After Nikita and Michael head over to her father's home, Birkhoff hacks into Alex's apartment security system in response to an internet search on his name. He tells her that Percy's file had no value and that he played her. In the field, Nikita and Michael arrive at Richard's home and he attacks her because he assumes that the CIA sent her to kill him. Once Michael breaks up the fight, she outs herself as his daughter. The trio have only a few minutes together before a Division strike force converges upon the house. They escape out back on a jet ski and Nikita even manages to save Richard's life.

Nikita and Michael bring Richard to Birkhoff's home and make introductions, before father and daughter bond in the late night hours. Finally having someone to confide in, Nikita tells Richard about Michael's son and he advises her to tell him the truth. Meanwhile, Alex visits Percy in his cell and he reveals Nikita's troubled past as a Division agent. He was ready to have her "canceled," but before he took that step he came up with a plan to let Nikita find her father and realize that she was "intelligence royalty." But Alex realizes that Percy set the whole thing up and he confirms her suspicions.

Alex uses the internet search to alert Birkhoff, but he finds himself under the sights of Richard's gun. Birkhoff manages to put up a fight (way too much of a fight, actually), before Nikita comes back and starts beating the crap out of Richard for deceiving her. Richard is not her father and he has no idea who is. Richard even mentions that he only arrived at the home on Walnut Lane shortly before she did. Soon enough, a Division strike team lays siege to the house. For a slim chance of survival, Nikita orders Birkhoff to use his drone to drop a missle on the house.

In the aftermath, Nikita and her allies survive, albeit bruised and injured. But she makes a special point of going back and killing Richard. Later, Alex feigns ignorance about how Nikita and Michael were tipped off, but Percy reveals that he knows what she did and that he plans to blackmail her with it from now on. Elsewhere, Birkhoff splits off from Michael and Nikita to set up a new base of operations. Michael offers to help Nikita find her real dad, but she finally tells him the truth about his son… which causes him to pull away from her in shock and possibly anger.


I haven't been following "Nikita" as closely this fall, after the season premiere was so disappointingly pedestrian. But the idea behind this episode was intriguing and supposedly offered answers to the long running question of where Nikita came from.

David Keith was fun to watch as Richard Ellison, the man who could have been Nikita's father. It was a little predictable when Richard turned out to be a fake. A bolder choice would have been to make Richard her father and then let him betray her. Either way, his quick death at the end seems like waste of a perfectly good character. Keith actually seemed to imitate Maggie Q's body language and acting tics; which helped sell him as Nikita's father. Her performance as Nikita was still pretty flat, but Keith brought some much needed life to their scenes.
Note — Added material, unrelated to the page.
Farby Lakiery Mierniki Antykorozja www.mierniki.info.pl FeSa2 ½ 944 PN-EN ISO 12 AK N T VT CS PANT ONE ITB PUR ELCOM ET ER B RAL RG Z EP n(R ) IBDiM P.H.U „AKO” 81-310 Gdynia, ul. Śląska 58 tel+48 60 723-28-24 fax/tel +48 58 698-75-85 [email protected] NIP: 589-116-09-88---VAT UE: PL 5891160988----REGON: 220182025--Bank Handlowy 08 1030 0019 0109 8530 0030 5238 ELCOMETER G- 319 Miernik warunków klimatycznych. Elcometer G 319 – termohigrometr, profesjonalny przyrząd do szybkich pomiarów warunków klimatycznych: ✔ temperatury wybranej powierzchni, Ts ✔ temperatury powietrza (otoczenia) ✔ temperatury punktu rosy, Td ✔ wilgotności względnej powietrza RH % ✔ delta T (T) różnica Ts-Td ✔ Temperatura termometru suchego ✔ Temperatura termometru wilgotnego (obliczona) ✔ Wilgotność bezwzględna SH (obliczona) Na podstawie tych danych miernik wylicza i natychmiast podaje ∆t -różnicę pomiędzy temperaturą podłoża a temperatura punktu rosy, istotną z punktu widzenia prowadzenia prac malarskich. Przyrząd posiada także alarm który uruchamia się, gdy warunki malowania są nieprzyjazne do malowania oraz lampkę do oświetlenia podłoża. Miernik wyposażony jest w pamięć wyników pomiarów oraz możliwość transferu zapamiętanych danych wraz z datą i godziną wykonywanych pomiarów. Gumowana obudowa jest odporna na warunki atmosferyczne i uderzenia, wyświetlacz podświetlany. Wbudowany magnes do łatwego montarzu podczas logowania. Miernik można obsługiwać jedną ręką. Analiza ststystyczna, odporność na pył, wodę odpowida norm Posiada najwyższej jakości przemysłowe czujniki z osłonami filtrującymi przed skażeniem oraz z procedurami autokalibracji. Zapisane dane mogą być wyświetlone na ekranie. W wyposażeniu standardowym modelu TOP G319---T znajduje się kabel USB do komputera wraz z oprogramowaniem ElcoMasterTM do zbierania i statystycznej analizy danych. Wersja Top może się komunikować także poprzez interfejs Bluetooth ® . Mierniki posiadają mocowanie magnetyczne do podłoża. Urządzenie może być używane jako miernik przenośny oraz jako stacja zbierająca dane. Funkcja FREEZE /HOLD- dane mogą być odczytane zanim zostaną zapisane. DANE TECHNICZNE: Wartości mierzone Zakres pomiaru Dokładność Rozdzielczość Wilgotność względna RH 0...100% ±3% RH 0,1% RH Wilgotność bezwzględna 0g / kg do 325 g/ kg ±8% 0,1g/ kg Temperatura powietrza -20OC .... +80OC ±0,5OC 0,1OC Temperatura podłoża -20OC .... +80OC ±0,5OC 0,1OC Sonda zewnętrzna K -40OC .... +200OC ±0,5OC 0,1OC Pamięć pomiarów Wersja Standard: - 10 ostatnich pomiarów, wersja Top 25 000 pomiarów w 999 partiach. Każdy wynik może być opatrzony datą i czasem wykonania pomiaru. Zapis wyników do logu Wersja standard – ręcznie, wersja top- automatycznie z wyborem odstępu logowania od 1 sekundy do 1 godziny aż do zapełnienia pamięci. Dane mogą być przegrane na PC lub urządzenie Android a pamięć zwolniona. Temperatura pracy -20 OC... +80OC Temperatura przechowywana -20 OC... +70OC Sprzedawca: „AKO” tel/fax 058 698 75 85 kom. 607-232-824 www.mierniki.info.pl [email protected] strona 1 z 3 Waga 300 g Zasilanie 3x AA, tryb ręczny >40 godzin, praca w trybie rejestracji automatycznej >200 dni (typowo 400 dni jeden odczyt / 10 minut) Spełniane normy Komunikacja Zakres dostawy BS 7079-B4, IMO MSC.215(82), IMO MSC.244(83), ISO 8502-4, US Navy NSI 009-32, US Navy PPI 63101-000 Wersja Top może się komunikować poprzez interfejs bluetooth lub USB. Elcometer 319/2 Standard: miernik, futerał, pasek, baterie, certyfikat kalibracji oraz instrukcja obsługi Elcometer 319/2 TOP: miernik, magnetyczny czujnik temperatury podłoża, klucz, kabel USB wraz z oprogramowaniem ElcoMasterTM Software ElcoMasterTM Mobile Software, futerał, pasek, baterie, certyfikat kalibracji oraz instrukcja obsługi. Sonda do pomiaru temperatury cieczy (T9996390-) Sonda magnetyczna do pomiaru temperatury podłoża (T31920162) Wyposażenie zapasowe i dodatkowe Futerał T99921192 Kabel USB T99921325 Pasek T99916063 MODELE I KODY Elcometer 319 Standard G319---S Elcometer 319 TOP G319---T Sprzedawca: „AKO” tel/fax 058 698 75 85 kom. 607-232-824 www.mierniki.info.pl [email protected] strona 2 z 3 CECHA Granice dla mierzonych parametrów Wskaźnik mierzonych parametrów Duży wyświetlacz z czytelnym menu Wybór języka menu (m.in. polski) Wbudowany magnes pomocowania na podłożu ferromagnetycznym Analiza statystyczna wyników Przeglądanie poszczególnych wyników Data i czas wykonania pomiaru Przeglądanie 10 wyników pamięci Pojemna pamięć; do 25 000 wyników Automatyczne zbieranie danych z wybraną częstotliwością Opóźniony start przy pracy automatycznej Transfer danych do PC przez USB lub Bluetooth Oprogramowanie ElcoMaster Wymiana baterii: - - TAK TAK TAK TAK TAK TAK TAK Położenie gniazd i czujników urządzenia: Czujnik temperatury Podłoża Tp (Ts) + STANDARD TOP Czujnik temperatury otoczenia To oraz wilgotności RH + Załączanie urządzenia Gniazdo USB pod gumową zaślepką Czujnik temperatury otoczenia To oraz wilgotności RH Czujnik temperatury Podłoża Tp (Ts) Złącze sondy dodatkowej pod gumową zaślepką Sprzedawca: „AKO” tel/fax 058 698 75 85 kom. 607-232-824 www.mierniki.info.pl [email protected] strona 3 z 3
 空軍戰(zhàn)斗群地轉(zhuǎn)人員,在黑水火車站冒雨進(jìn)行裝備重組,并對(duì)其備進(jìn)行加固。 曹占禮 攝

Keith was also involved in the WTF?! scene of the week, in which Birkhoff actually managed to hold his own in a fight with Richard. I know a lot of this season has been repositioning Birkhoff in a more heroic light, but give me a break. I can buy Birkhoff as the tech guru and that he would have basic self-defense training from his time at Division. However, an operative with half of Richard's ability should have mopped the floor with Birkhoff in seconds. Also, Birkhoff's hack into Alex's security system and his obsession with people googling him made him seem like an outrageous creep.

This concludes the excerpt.